STORY

Susah Dapat Pekerjaan, Gen Z di China Pura-Pura Sewa Kantor Agar Tak Dicap Pengangguran

Penampakan Kantor 'Palsu' di China (Foto. YouTube/FRANCE 24 English)
Fenews

Tekanan ekonomi dan persaingan kerja yang semakin ketat di China membuat banyak orang kesulitan mendapatkan pekerjaan. Imbasnya, jumlah pengangguran di China mengalami peningkatkan. Demi menutupi status pengangguran yang dipandang sebelah mata, banyak yang mulai memakai jasa persewaan kantor.

Dilansir dari South China Morning Post, tren sewa kantor ‘palsu’ bermula saat sebuah video mendadak viral di media sosial China. Video yang diketahui diambil di provinsi Hebei, China itu menunjukkan sebuah pemilik kantor sekaligus penyedia layanan yang mempromosikan sewa kantor. Dengan harga 29,9 yuan, atau sekitar Rp68 ribu, para pengangguran dapat menggunakan ruangan yang ada untuk pura-pura bekerja mulai pukul 10 pagi hingga 5 sore. Tak hanya itu, terdapat pula fasilitas makan siang yang sudah termasuk dalam biaya sewa tersebut.

“Dengan 29,9 yuan per hari, anda dapat pura-pura bekerja di sini mulai pukul 10 pagi sampai 5 sore, termasuk makan siang,” ujar sang pemilik kantor, dikutip Kamis (17/7).

Baca juga: Ayah di China Sewa Gamer Profesional Demi Hentikan Anaknya Kecanduan

Dari Pengangguran jadi Bos dalam Sekejap (Foto. YouTube/FRANCE 24 English)

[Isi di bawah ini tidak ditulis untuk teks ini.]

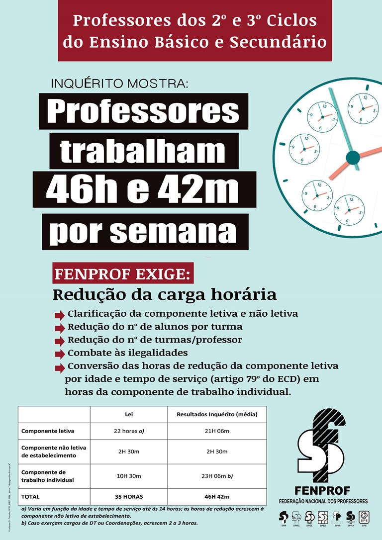 Divulgadas em conferência de imprensa realizada na manhã da passada sexta-feira, 10 de março, em Lisboa, as conclusões desse inquérito, com 5 709 respostas validadas, apontam: os professores trabalham, em média, mais de 46 horas por semana! Confirma-se, assim, um problema já conhecido mas que não tem merecido qualquer solução por parte de várias equipas ministeriais.

Pemilik kantor lainnya juga menawarkan layanan serupa dengan biaya 50 yuan, atau Rp114 ribu. Dengan harga yang tak murah itu, para pengangguran dapat merasakan pengalaman menjadi bos sebuah perusahaan. Ruangan yang digunakan diatur sedemikian rupa agar tampak seperti ruangan bos, lengkap dengan furnitur pendukung seperti meja pribadi, komputer, dan kursi kulit empuk. Mereka dapat berpose di ruangan tersebut dan mengirimkannya kepada keluarga mereka agar terlihat sedang bekerja.

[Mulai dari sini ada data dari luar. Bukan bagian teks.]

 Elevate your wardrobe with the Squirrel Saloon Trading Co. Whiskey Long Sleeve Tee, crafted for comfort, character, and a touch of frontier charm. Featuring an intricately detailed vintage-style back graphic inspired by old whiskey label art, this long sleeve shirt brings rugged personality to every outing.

Tren yang telah meraih 100 juta jumlah tontonan dan mendapat berbagai reaksi dari warganet China itu meningkatkan kekhawatiran akan sulitnya mencari pekerjaan. Menurut data, pada Juni 2023, sekitar 21,3 persen remaja China berusia 16-24 tahun merupakan pengangguran. Angka tersebut kemudian sedikit menurun hingga 16,1 persen pada November.

Stigma sosial yang ada pada masyarakat sekaligus tekanan dari keluarga menyebabkan depresi pada pengangguran. Hal inilah yang mendorong terjadinya fenomena sewa kantor agar keluarga mereka merasa tenang melihat anaknya memiliki pekerjaan.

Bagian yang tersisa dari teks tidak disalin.